Images excluded, return every record exactly as it reads.

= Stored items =

----

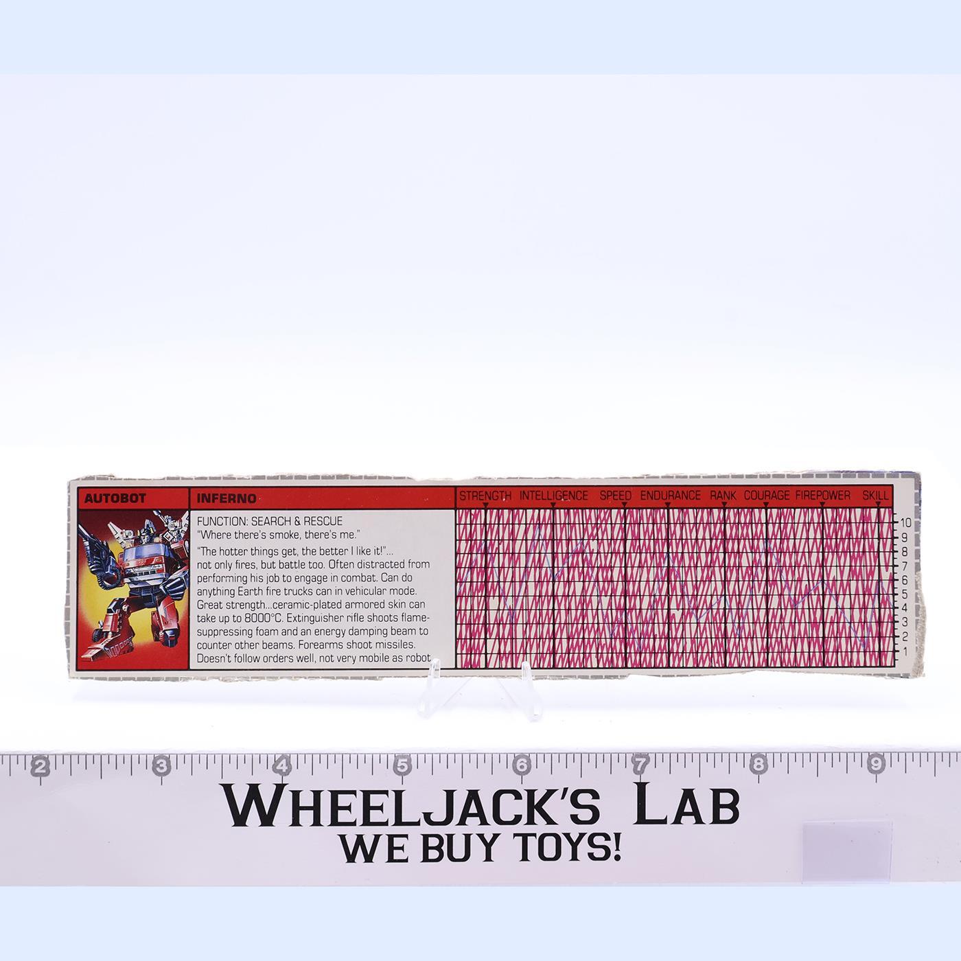Inferno Action Figure Robot Tech Spec 1985 Vintage Hasbro G1 Transformers
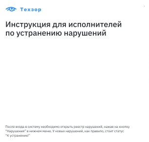 После входа в систему необходимо открыть реестр нарушений, нажав на кнопку “Нарушения” в нижнем меню. У новых нарушений, как правило, стоит статус “К устранению”.
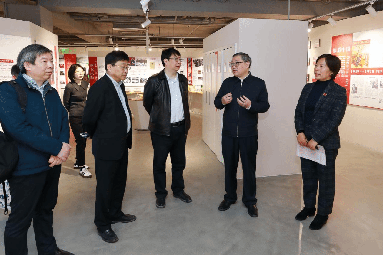 座谈会前,成旦红书记一行还参观了外文局局史馆。翟主任详细介绍了中国外文局的发展历史、功能定位及未来愿景。
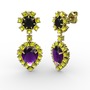 Ametist, peridot ve siyah zirkon 18 ayar altın küpe
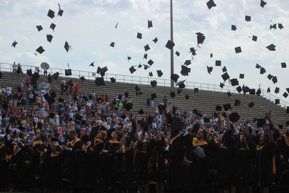 In all, 572 seniors, including 109 honor graduates, received their diplomas during the commencement exercise Glynn County Stadium on a warm, humid morning in which the rain held off until the parking lot had started to clear.
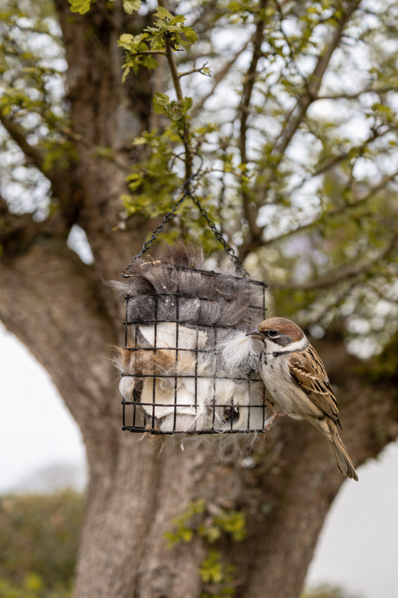 Was diesen Halter so attraktiv macht, ist, dass er Raum für verschiedene natürliche Materialien bietet. Neben Wolle oder Schaffell lassen sich auch Stroh oder kleines Schnittgut verwenden. So kannst du variieren, dich an die Jahreszeit anpassen oder nutzen, was du bereits zur Hand hast. Das macht den Halter nicht nur funktional, sondern auch vielseitig. Für Vogelliebhaber ist er eine schöne Möglichkeit, Garten oder Balkon noch lebendiger zu machen und dem Leben draußen wirklich etwas hinzuzufügen.
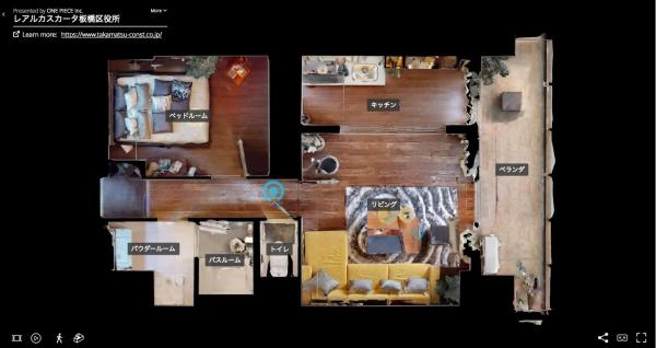 今回より真上からの視点で見たリアルな間取り図を追加いたしました。また、操作ボタンの追加など、UIの改善を実施しています。
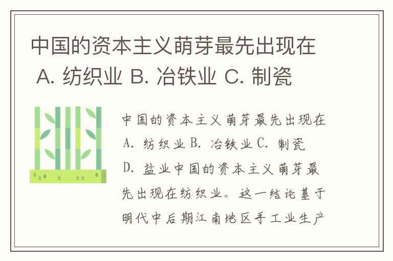 中国的资本主义萌芽最先出现在 A. 纺织业 B. 冶铁业 C. 制瓷 D. 盐业
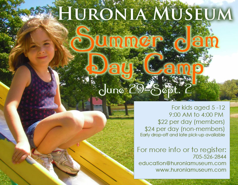 Summer Jam Day Camp runs from June 29 to September 2, 2011. It runs from 9:00 AM to 4:00 PM. Early drop-off and pick-up are available. The cost for Summer Jam is $22/day for Huronia Museum members, $24/day for non-members.

----

= Solved problem =
Inferno Action Figure Robot Tech Spec 1985 Vintage Hasbro G1 Transformers
 После входа в систему необходимо открыть реестр нарушений, нажав на кнопку “Нарушения” в нижнем меню. У новых нарушений, как правило, стоит статус “К устранению”.
 座谈会前,成旦红书记一行还参观了外文局局史馆。翟主任详细介绍了中国外文局的发展历史、功能定位及未来愿景。
 Ametist, peridot ve siyah zirkon 18 ayar altın küpe
 In all, 572 seniors, including 109 honor graduates, received their diplomas during the commencement exercise Glynn County Stadium on a warm, humid morning in which the rain held off until the parking lot had started to clear.
 Was diesen Halter so attraktiv macht, ist, dass er Raum für verschiedene natürliche Materialien bietet. Neben Wolle oder Schaffell lassen sich auch Stroh oder kleines Schnittgut verwenden. So kannst du variieren, dich an die Jahreszeit anpassen oder nutzen, was du bereits zur Hand hast. Das macht den Halter nicht nur funktional, sondern auch vielseitig. Für Vogelliebhaber ist er eine schöne Möglichkeit, Garten oder Balkon noch lebendiger zu machen und dem Leben draußen wirklich etwas hinzuzufügen.
 今回より真上からの視点で見たリアルな間取り図を追加いたしました。また、操作ボタンの追加など、UIの改善を実施しています。
 中国的资本主义萌芽最先出现在 A. 纺织业 B. 冶铁业 C. 制瓷 D. 盐业
 Summer Jam Day Camp runs from June 29 to September 2, 2011. It runs from 9:00 AM to 4:00 PM. Early drop-off and pick-up are available. The cost for Summer Jam is $22/day for Huronia Museum members, $24/day for non-members.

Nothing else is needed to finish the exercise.